=== Problem to work on ===
Would you repeat the entries below exactly and omit the pictures?

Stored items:
⟨
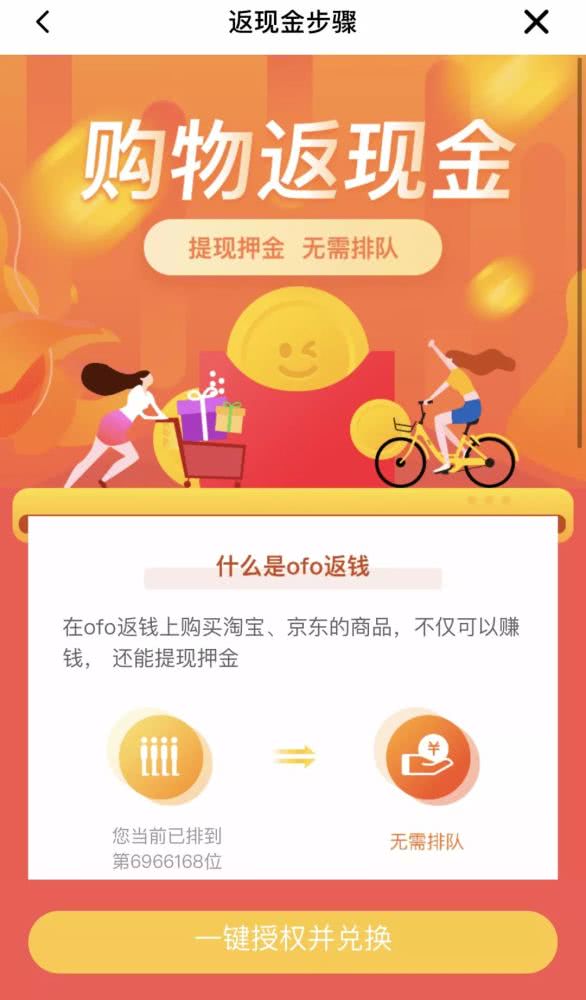 什么是ofo返钱?根据APP官方介绍,在ofo返钱上购买淘宝、京东的商品,不仅可以赚钱,还能提现押金。
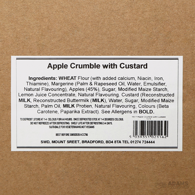 WHEAT Flour (with added calcium, Niacin, Iron, Thiamine), Margerine (Palm & Rapeseed Oil, Water, Emulsifier, Natural Flavouring), Apples (45%), Sugar, Modified Maize Starch, Lemon Juice Concentrate, Natural Flavouring. Custard (Reconstructed MILK, Reconstructed Buttermilk (MILK), Water, Sugar, Modified Maize Starch, Palm Oil, MILK Protien, Natural Flavouring, Colours (Beta Carotene, Paparika Extract)
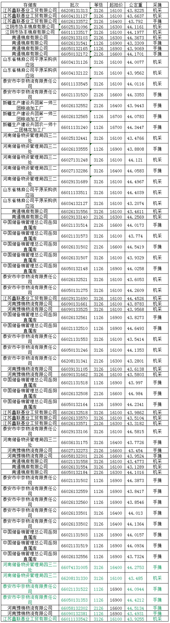 各交易商: 定于9月5日投放新疆兵團競賣棉花3077.2619噸,其中內(nèi)地庫占2944.8946噸。相關(guān)批次公檢數(shù)據(jù)見附件。具體庫點如下:
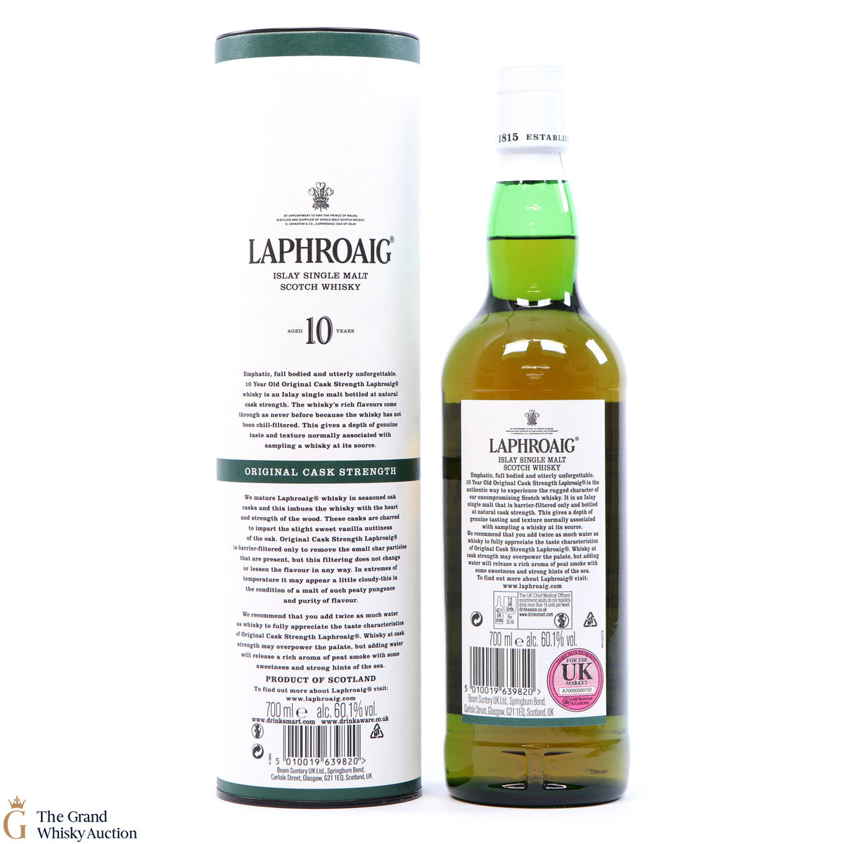 This bottling is from batch 012, original cask strength bottling of the medicinal 10 year old from Islay's bestselling distillery, Laphroaig. In making Laphroaig, malted barley is dried over a peat fire. The smoke from this peat, found only on Islay, gives Laphroaig its particularly rich flavour. This release was bottled at 60.1% in February 2020.
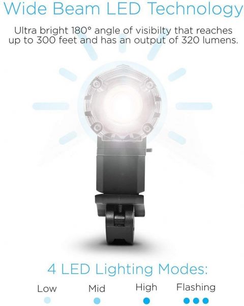 strobe) for the headlight. The rear light has 6 working modes (low,
⟩
=== Expected answer ===
 什么是ofo返钱?根据APP官方介绍,在ofo返钱上购买淘宝、京东的商品,不仅可以赚钱,还能提现押金。
 WHEAT Flour (with added calcium, Niacin, Iron, Thiamine), Margerine (Palm & Rapeseed Oil, Water, Emulsifier, Natural Flavouring), Apples (45%), Sugar, Modified Maize Starch, Lemon Juice Concentrate, Natural Flavouring. Custard (Reconstructed MILK, Reconstructed Buttermilk (MILK), Water, Sugar, Modified Maize Starch, Palm Oil, MILK Protien, Natural Flavouring, Colours (Beta Carotene, Paparika Extract)
 各交易商: 定于9月5日投放新疆兵團競賣棉花3077.2619噸,其中內(nèi)地庫占2944.8946噸。相關(guān)批次公檢數(shù)據(jù)見附件。具體庫點如下:
 This bottling is from batch 012, original cask strength bottling of the medicinal 10 year old from Islay's bestselling distillery, Laphroaig. In making Laphroaig, malted barley is dried over a peat fire. The smoke from this peat, found only on Islay, gives Laphroaig its particularly rich flavour. This release was bottled at 60.1% in February 2020.
 strobe) for the headlight. The rear light has 6 working modes (low,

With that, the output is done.